Stimuli were presented using MATLAB with the Psychtoolbox 365 (http://psychtoolbox.org) (screen resolution: 1600 × 1280).
Social trait judgment ratings of the CelebA stimuli
To examine whether face familiarity modulates social trait judgments (Figure S1A), we acquired trait ratings from patients using a set of social traits that most comprehensively characterize social trait judgments,66 including warm, critical, competent, practical, feminine, strong, youthful, and charismatic. These social traits represent the four core psychological dimensions of comprehensive trait judgments of faces (warmth, competence, femininity, and youth; 2 traits per dimension), and they were well validated in the previous study.66 Patients were asked to rate the faces on eight social traits using a 7-point Likert scale through an online rating task.
Electrophysiology
We recorded using implanted depth electrodes in the amygdala and hippocampus from patients with pharmacologically intractable epilepsy. Target locations in the amygdala and hippocampus were determined by the neurosurgeon based solely on clinical need and verified using post-implantation CT. At each site, we recorded from eight 40 μm microwires inserted into a clinical electrode as described previously.67,68 Efforts were always made to avoid passing the electrode through a sulcus, and its attendant sulcal blood vessels, and thus the location varied but was always well within the body of the targeted area. Microwires projected medially out at the end of the depth electrode and examination of the microwires after removal suggests a spread of about 20–30°. The amygdala electrodes were likely sampling neurons in the mid-medial part of the amygdala and the most likely microwire location is the basomedial nucleus or possibly the deepest part of the basolateral nucleus. Bipolar wide-band recordings (0.1–9000 Hz), using one of the eight microwires as reference, were sampled at 32 kHz and stored continuously for offline analysis with a Neuralynx system. The raw signal was filtered with a zero-phase lag 300–3000 Hz bandpass filter and spikes were sorted using a semi-automatic template matching algorithm as described previously.69 Units were carefully isolated and recording and spike sorting quality were assessed quantitatively.28
Consistent with our previous studies,27,28,70–73 only single units with an average firing rate of at least 0.15 Hz throughout the entire task were considered. Trials were aligned to stimulus onset. For the CelebA and FBI stimuli, we used the mean firing rate in a time window 250 ms–1250 ms after stimulus onset as the response to each face. For FaceGen stimuli, we used the mean firing rate in a time window 250 ms–1750 ms after stimulus onset as the response to each face.32
Eye tracking
Patients were recorded with a remote non-invasive infrared Eyelink 1000 system (SR Research, Canada) (Figures S1B–S1I). One of the eyes was tracked at 500 Hz. The eye tracker was calibrated with the built-in 9-point grid method at the beginning of each block. Fixation extraction was carried out using software supplied with the Eyelink eye tracking system. Saccade detection required a deflection greater than 0.1°, with a minimum velocity of 30/s and a minimum acceleration of 8000/s2, sustained for at least 4 ms. Fixations were defined as the complement of a saccade, i.e., periods without saccades. Analysis of the eye movement record was carried out offline after completion of the experiments.
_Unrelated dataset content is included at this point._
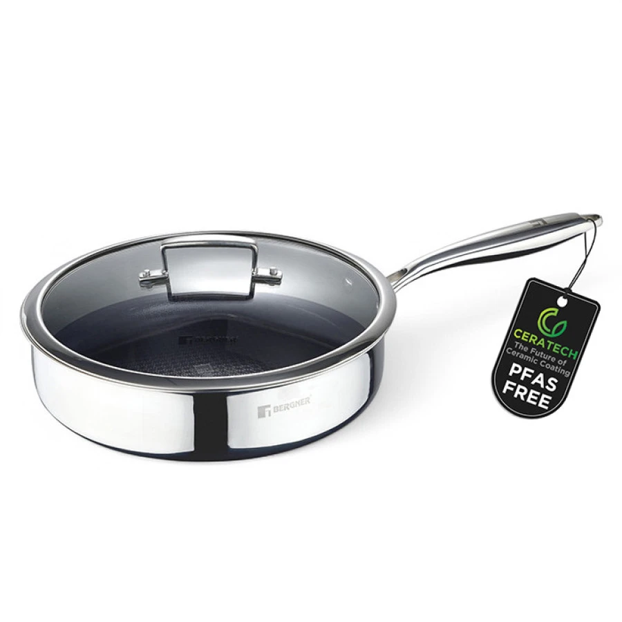 Точність, довговічність і стиль на вашій кухні! Сотейник з кришкою 28 см створеный для тих, хто вимагає найкращого. Її тришарова структура, що поєднує алюміній і нержавіючу сталь, забезпечує на 35% швидший і рівномірніший розподіл тепла, що ідеально підходить для ефективного і точного приготування їжі. Внутрішня частина має надміцне антипригарне покриття CERATECH, що пропонує інноваційну поверхню, яка ідеально підходить для обсмажування, підрум'янювання і збереження смаку ваших страв. Міцна скляна кришка дозволяє контролювати процес приготування без втрати тепла, а ручка з покриттям Cool-Touch забезпечує безпеку і комфорт під час використання. Завдяки сучасному дизайну з блискучої нержавіючої сталі сотейник вирізняється не тільки функціональністю, але й стилем. Він сумісний з усіма типами плит: індукційними, газовими, електричними, галогенними та склокерамічними. Для подовження терміну служби рекомендується ручне миття.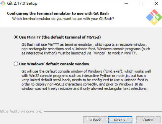 - Git Bash将使用MinTTY作为终端模拟器,该模拟器具有可调整大小的窗口,非矩形选区和Unicode字体。 Windows控制台程序(如交互式Python)必须通过'winpty'启动才能在MinTTY中运行。

To quantitatively compare the fixation densities within certain parts of the face, we defined three rectangular ROIs: eyes, mouth, and nose. The fixation density was calculated for each session during the entire 1 s stimulus period, and was normalized within each session. Fixation locations were smoothed using a 2D Gaussian kernel (kernel size = 0.04 * image height by 0.04 * image width) with a standard deviation of 10 pixels.
We excluded sessions that had fewer than 10 fixations onto each facial region of interest (ROI) due to a substantial amount of missing eye tracking data, resulting in a total of 21 sessions for the CelebA stimuli and 16 sessions for the FBI stimuli for further analysis.
QUANTIFICATION AND STATISTICAL ANALYSIS
Response index for single trials
To combine both types of familiarity-selective neurons (i.e., neurons with a greater response to familiar faces or unfamiliar faces) for group analysis, we calculated a single-trial response index (Figure S2A). For each neuron we quantified whether its response differed between familiar faces and unfamiliar faces using a single-trial index, (Equation 1; Equation 2). The facilitates group analysis and comparisons between different types of neurons, as motivated by previous studies.70,74 The quantifies the response during trial relative to the mean response to all unfamiliar faces and baseline (the interval right before stimulus onset). The mean response and baseline were calculated individually for each neuron.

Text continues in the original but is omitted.